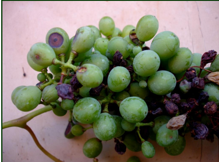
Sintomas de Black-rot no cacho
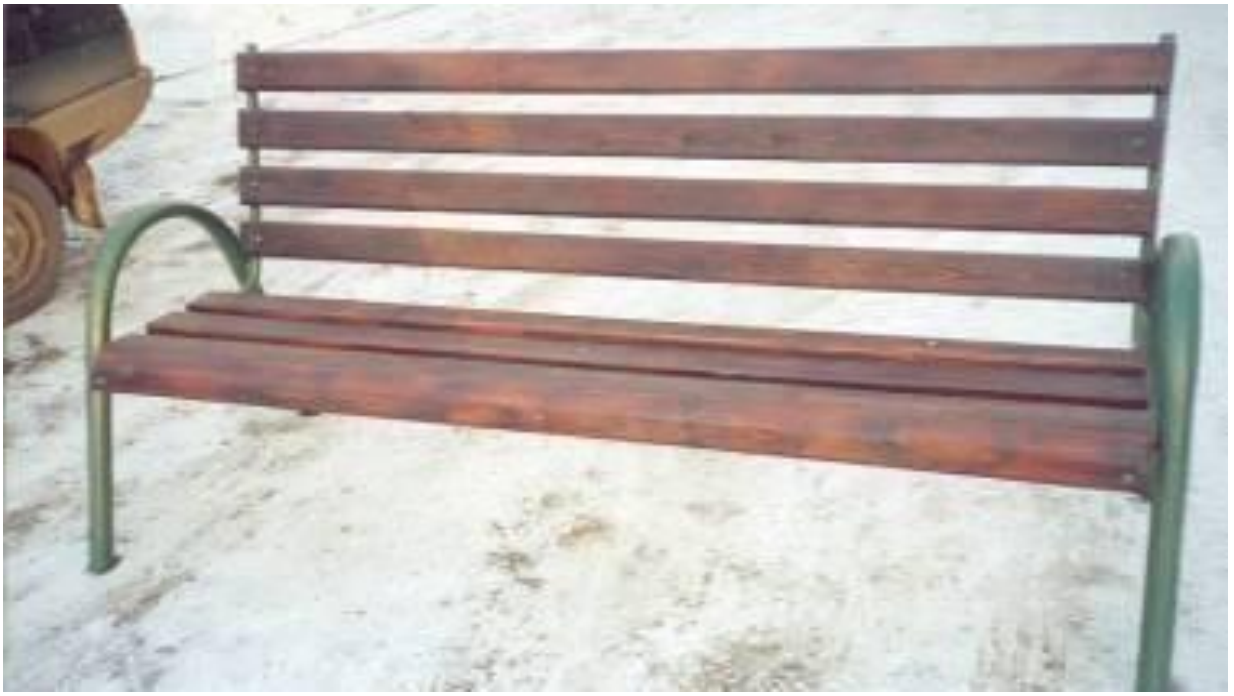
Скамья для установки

-.-.-

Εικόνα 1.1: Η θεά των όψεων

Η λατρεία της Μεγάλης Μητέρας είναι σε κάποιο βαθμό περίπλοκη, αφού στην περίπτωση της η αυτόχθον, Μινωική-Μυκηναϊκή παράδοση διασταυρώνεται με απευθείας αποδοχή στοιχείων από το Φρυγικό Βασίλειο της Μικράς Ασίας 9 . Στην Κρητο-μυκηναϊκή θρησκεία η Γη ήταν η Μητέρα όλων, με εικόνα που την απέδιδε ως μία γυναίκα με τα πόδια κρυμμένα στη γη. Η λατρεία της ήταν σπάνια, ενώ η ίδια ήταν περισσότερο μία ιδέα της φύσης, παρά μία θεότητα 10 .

-.-.-

Copy nothing but the lines above that run from the one with "Sintomas de Black-rot no cacho" to the one with "Скамья для установки", ends included; pictures stay out.

Sintomas de Black-rot no cacho
Скамья для установки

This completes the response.